We believe that our audit provides a reasonable basis for our opinion.
A company’s internal control over financial reporting is a process designed to provide reasonable assurance regarding the reliability of financial reporting and the preparation of financial statements for external purposes in accordance with generally accepted accounting principles. A company’s internal control over financial reporting includes those policies and procedures that (1) pertain to the maintenance of records that, in reasonable detail, accurately and fairly reflect the transactions and dispositions of the assets of the company; (2) provide reasonable assurance that transactions are recorded as necessary to permit preparation of financial statements in accordance with generally accepted accounting principles, and that receipts and expenditures of the company are being made only in accordance with authorizations of management and directors of the company; and (3) provide reasonable assurance regarding prevention or timely detection of unauthorized acquisition, use or disposition of the company’s assets that could have a material effect on the financial statements.
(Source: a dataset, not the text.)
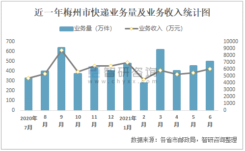 近一年梅州市快遞業務量及業務收入統計圖
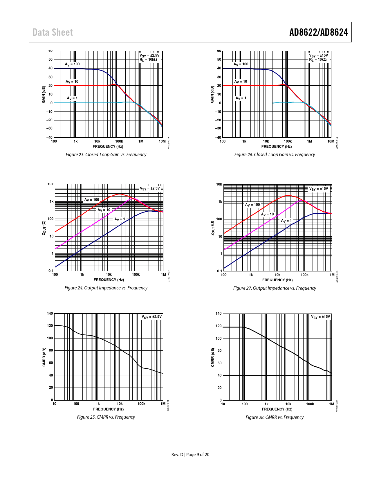 Data Sheet. AD8622/AD8624. VSY = ±2.5V. VSY = ±15V. RL = 10kΩ. AV = 100. AV = 10. N (. AV = 1. –10. –20. –30. –40. 100. 10k. 100k. 10M. FREQUENCY (Hz)

Because of its inherent limitations, internal control over financial reporting may not prevent or detect misstatements.
Also, projections of any evaluation of effectiveness to future periods are subject to the risk that controls may become inadequate because of changes in conditions, or that the degree of compliance with the policies or procedures may deteriorate.
In our opinion, AEGON N.V. maintained, in all material respects, effective internal control over financial reporting as of December 31, 2011, based on the COSO criteria.
We also have audited, in accordance with the standards of the Public Company Accounting Oversight Board (United States), the consolidated financial statements of AEGON N.V., which comprise the consolidated statements of financial position as of December 31, 2011 and 2010, the related consolidated income statements, statements of comprehensive income, statements of changes in equity, and cash flow statements for each of the three years in the period ended December 31, 2011 of AEGON N.V., and our report dated March 21, 2012 expressed an unqualified opinion thereon.
The Hague, The Netherlands, March 21, 2012 Ernst & Young Accountants LLP
D. CHANGES IN INTERNAL CONTROLS OVER FINANCIAL REPORTING
There have been no changes in internal controls over financial reporting during the period covered by this Annual Report that have materially affected, or reasonably likely to affect, over AEGON’s internal controls over financial reporting.